# Union Facts?



## ILPlumber (Jun 17, 2008)

That got your attention, didn't it:laughing:

I had an employee tell me today a union was a directional fitting. The flow should go from the "spigot" half into the "hub" half....

I think this is pure bunk. Can anyone supply me with facts that unions, are in fact directional?

As long as it doesn't leak, I can't see how a union would "know" what direction the water is flowing through it? 

I also see no turbulence issues. As it is smooth on the inside when made up. Except for the small ridge in the middle that is equal on both halves.

I hereby call on the power of the PZ. What say you?

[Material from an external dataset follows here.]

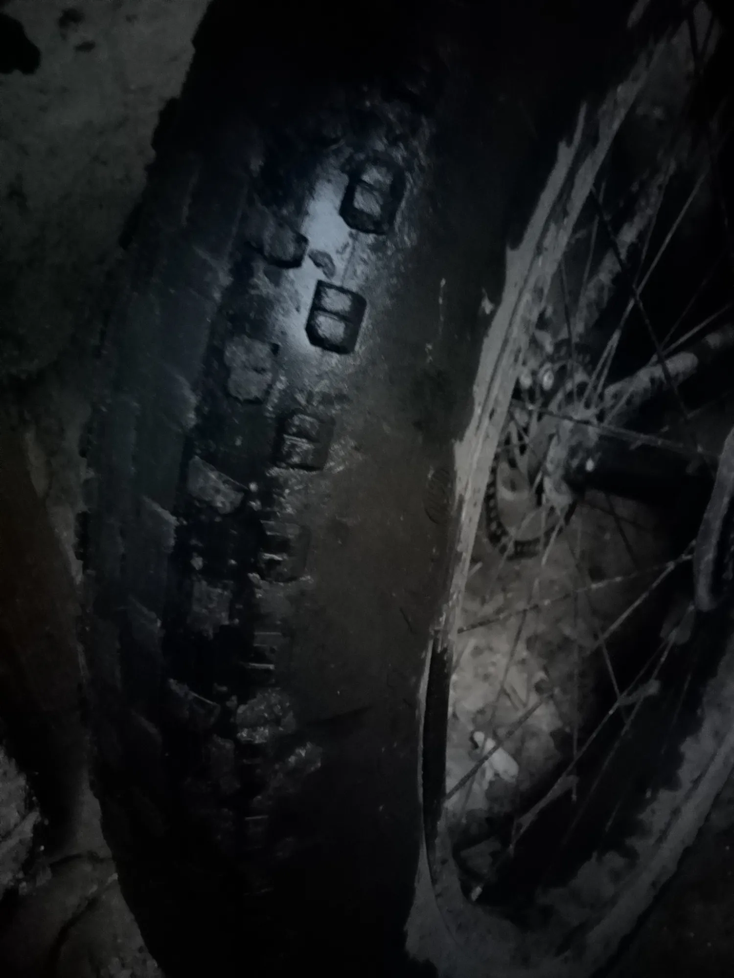Лысеватое колесо ... прошло более 1000 км. Хотя эти дороги 😖🫣 могли б ухандокать неподготовленный велосипед, а фэтбайк Китайский выдержал. АВЕ железный фэтбайк 🤗. Аве

Remember. Saying "That's the way we've always done it" is not a fact.:laughing:


----------



## Optimus Primer (May 20, 2009)

Never heard that. But I try to put the nut that holds it together to where its always on top so it doesnt fall down. We had a guy at our shop that had half the employees believing that these 3 inch pvc dwv couplings were directional because the stop had a bevel on one side. So I emailed the manufacturer and explained what he said and they replied that there was no such thing. one helper even told me thats why you see those tits on the couplings, that meant they were directional. I said all pvc fittings have those. It's from the injection mold.


----------



## Optimus Primer (May 20, 2009)

plus if it's directional, where is the arrow?


----------



## Airgap (Dec 18, 2008)

I was told as an apprentice they were directional. The flow was supposed to go to the seat side, but I can't say whether or not i believe it really matters much. I still install them that way cause that's how I was taught...


----------



## SlickRick (Sep 3, 2009)

Ball valves are directional also. So they can be taken apart under pressure. :blink:


----------



## ILPlumber (Jun 17, 2008)

slickrick said:


> Ball valves are directional also. So they can be taken apart under pressure. :blink:


No. But I see lots of unions put on the incorrect side of a copper sweat ball valve.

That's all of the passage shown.